In December, Chemtrade Logistics Income Fund (TSX:CHE.UN) reaffirmed its $0.10 monthly dividend, which currently results in an 11.7% yield. Since 2003, the company has never missed a payment. And while it hasn’t grown its dividend since 2005, owning shares has still resulted in double-digit annual returns over that period.
Is this your chance at buying and holding a reliable 12% dividend stock? Or is the recent dip in Chemtrade’s stock price an omen for bad things to come, including a dividend cut?
A volatile business with long-term stability
Chemtrade is a global provider of industrial chemicals and services. It deals in niche, often dangerous compounds, like electro-chemicals, water specialty chemicals, and industrial inorganic chemicals.
Dealing in industrial commodities, Chemtrade’s financials can be volatile, often for reasons outside of its control. For example, last year’s results were impacted by higher raw material costs that squeezed margins, even though Chemtrade itself found ways to reduce its corporate costs.
Over time however, these temporary pressures always return to the mean. And when prices swing the other way, Chemtrade benefits immensely.
Since 2003, for example, Chemtrade’s stock has swung wildly, hitting lows in the $5 range and highs in the $20 range. Yet today, the share price is nearly the same as is was more than 15 years ago. Along the way, investors have collected the same, steady dividend every month.
So while the company’s underlying financials can be volatile, its long-term profitability has been surprisingly stable, and management has never backed off from paying its dividend.
Will the dividend stand?
With a dividend yield of more than 10%, many investors have been wondering whether a cut is on the way. An analyst from CIBC asked management directly on the latest quarterly conference call whether this will be the case.
“I want to start off on the dividend,” he said. “Would you ever consider cutting that dividend to pay down debt?” Notably, he noted that the dividend only comprises 60% of earnings, so the payout ratio is still fairly reasonable, even if the yield seems outsized.
Chemtrade’s CEO Mark Davis answered bluntly. “I’ll just say no,” he responded. “We set it up back in 2007, we see no reason to change it. So is the 10% dividend yield in our view is rich? We think actually hopefully that yield will come down as our share price recovers, but we have no current inclination to actually reduce the distribution despite the 10% yield.”

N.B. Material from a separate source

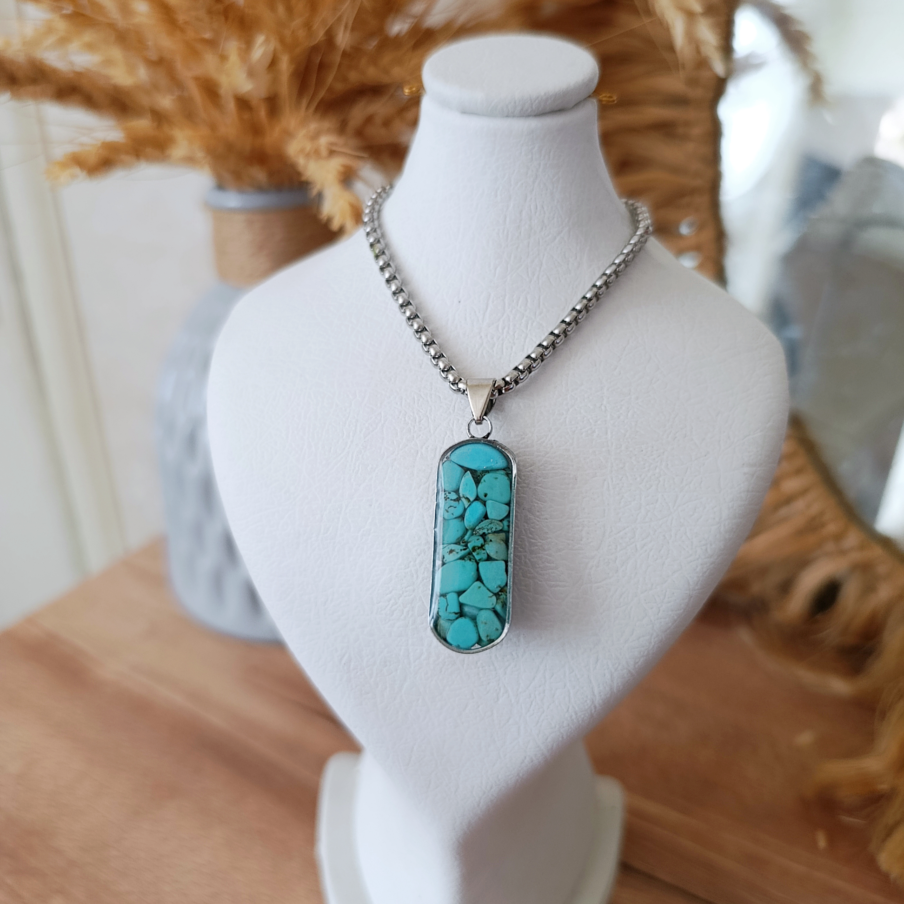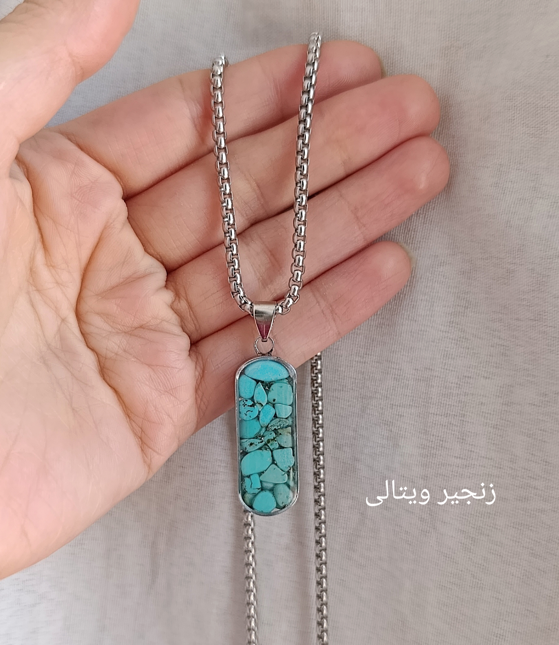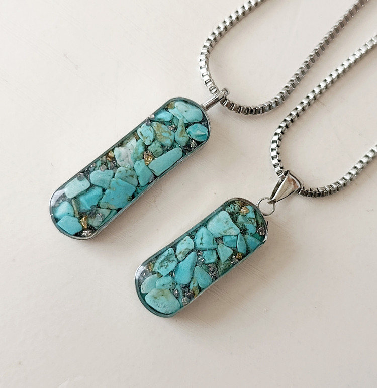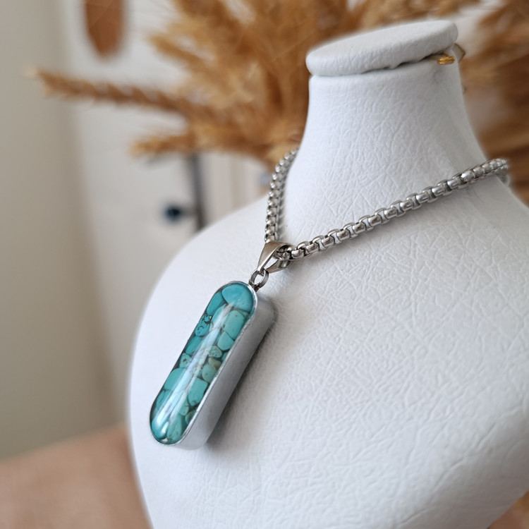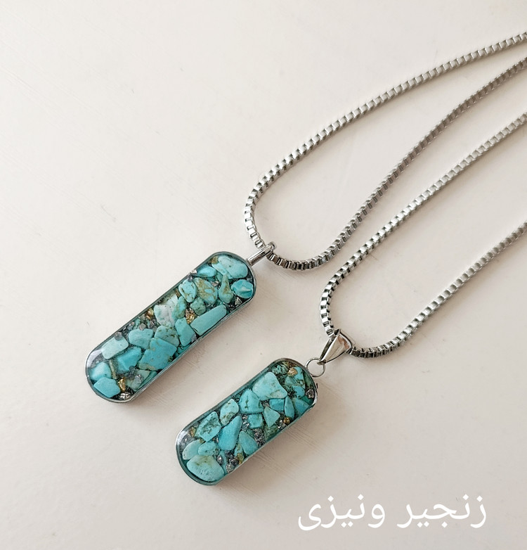 زیو آلات خاص فروشگاه عجم استور با خردهسنگهای فیروزه تبتی یا آفریقایی ساخته شده و با رزین شفاف فیکس شده تا جلوهای درخشان و ماندگار داشته باشد.

The best way to invest in Chemtrade
It’s rare that you’ll get such a strong reaffirmation of a double-digit dividend, but Chemtrade’s management has plenty of evidence to back its stance. If you had continually invested in Chemtrade over the years, your money would have earned an impressive dividend year in and year out.
Now at a historically high yield, your best option is likely to buy and hold Chemtrade for another decade. It’s an income investor’s dream as long as you’re willing to ride out the share price swings.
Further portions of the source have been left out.